2. Dans la routine et le style de leadership d’un partenaire Citadel. Micah Nance dirige une équipe de neuf analystes et associés qui couvre environ 150 sociétés technologiques et médiatiques depuis le bureau de Dallas du hedge fund. Il a parlé à BI de ses 13 années à gravir les échelons au sein d’un cabinet de premier plan, de la façon dont il gère son temps, et quelques conseils de carrière.

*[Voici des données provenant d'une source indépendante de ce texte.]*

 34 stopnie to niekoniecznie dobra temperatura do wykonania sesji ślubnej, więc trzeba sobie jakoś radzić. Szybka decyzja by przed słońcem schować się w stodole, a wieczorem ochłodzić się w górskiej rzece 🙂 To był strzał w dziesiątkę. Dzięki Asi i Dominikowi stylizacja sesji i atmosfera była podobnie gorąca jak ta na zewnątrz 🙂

3. Voici les embauches de crypto. Le marché et les régulateurs soutiennent à nouveau les actifs numériques. En conséquence, les fintechs et les sociétés financières traditionnelles sont en train de recruter.
3 choses en technologie
1. La Zuckermoon est terminée. Le PDG de Meta était sur le point de devenir cool après sa refonte majeure et sa refonte de « femme-homme ». Mais il a perdu des points avec certains depuis qu’il a porté des coups au système de vérification des faits de Meta, écrit Katie Notopoulos de BI. La section commentaires – et même l’avis d’AI – est impitoyable.
2. Le buzz autour de l’IA vocale. La technologie n’est pas nouvelle, mais les investisseurs sont enthousiasmés par ses vastes cas d’utilisation et sa récente sophistication rapide. BI a parlé aux investisseurs de les opportunités inexploitées qu’ils voient dans le secteur, depuis les transcriptions audio en temps réel jusqu’à la génération de voix synthétiques.

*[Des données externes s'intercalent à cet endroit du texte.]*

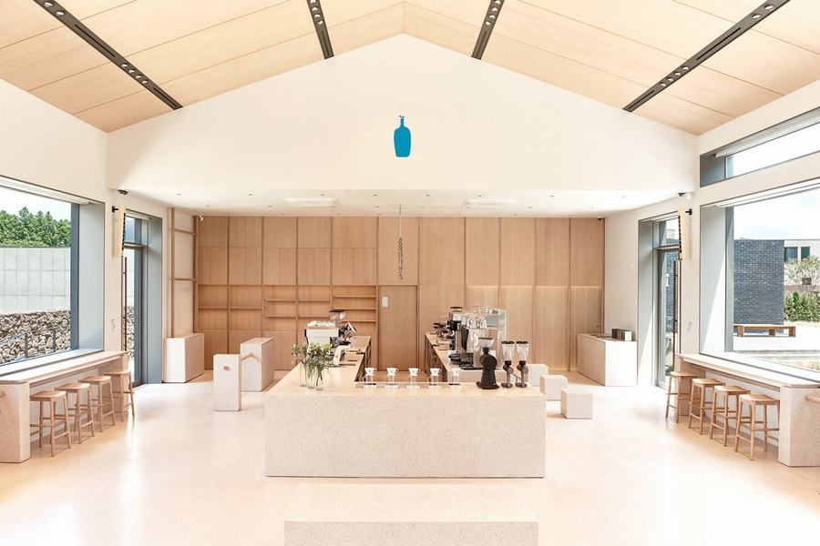 由于当地地域的特殊性便是糅合当地的传统建筑,忠实诠释石头堆砌矮墙自成一格的正廊结构与古代用来替代门铃三根横木,架起和放下几根木头亦分别代表不同情况,此外更是透过济州海滩周围丢弃的玻璃碎片制成的地板材料来表现永续保护环境的精神宗旨,值得注意的还有本回 Blue Bottle Coffee 还携手济州岛当地餐厅打造独家咖啡、糕点和商品,有兴趣的朋友们不妨举步前往探店。

3. VC Twitter prend LinkedIn. Bien que X reste la plateforme de choix pour les investisseurs en capital-risque, ils commencent à publier davantage sur LinkedIn. Les investisseurs en capital-risque ont déclaré à BI qu’ils constataient un meilleur retour sur investissement sur leurs publications sur le site de réseautage social du lieu de travail, et que c’était où les affaires peuvent réellement se faire.
3 choses en affaires
1. Les œufs bon marché ne sont pas à l’horizon. La grippe aviaire ne va nulle part et limite l’offre. Pendant ce temps, une augmentation des « citations d’œufs » des consommateurs stimule la demande. Une volonté de mieux traiter les poulets n’est pas bon marché non plus – et tout cela se reflète dans prix actuels des œufs.

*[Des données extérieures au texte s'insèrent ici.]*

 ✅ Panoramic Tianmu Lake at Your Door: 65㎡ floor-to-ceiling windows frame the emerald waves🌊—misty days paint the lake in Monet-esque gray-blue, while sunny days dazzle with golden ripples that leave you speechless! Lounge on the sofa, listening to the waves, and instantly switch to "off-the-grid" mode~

2. Les merveilles de perte de poids d’Eli Lilly. Le producteur de Mounjaro et Zepbound espère réduire l’écart avec Ozempic, son concurrent Novo Nordisk, et aller encore plus loin. Le responsable de l’obésité d’Eli Lilly a présenté une pilule pour rivaliser avec Ozempic et une injection à triple menace « King Kong » pour imiter la chirurgie bariatrique. Le rêve ultime : un injection de perte de poids une fois par an.
3. La génération Z en a déjà assez du travail – et ce n’est pas une question de paresse. Moins d’un tiers des jeunes travailleurs américains se sentaient engagés dans leur travail l’année dernière, selon un rapport de Gallup. La jeune génération n’a pas perdu de temps à adopter une vision transactionnelle du travail, a écrit Aki Ito de BI. Cependant, comme un faible engagement coûte aux entreprises 9 000 milliards de dollars par an dans le monde, les employeurs doivent intensifier leurs efforts.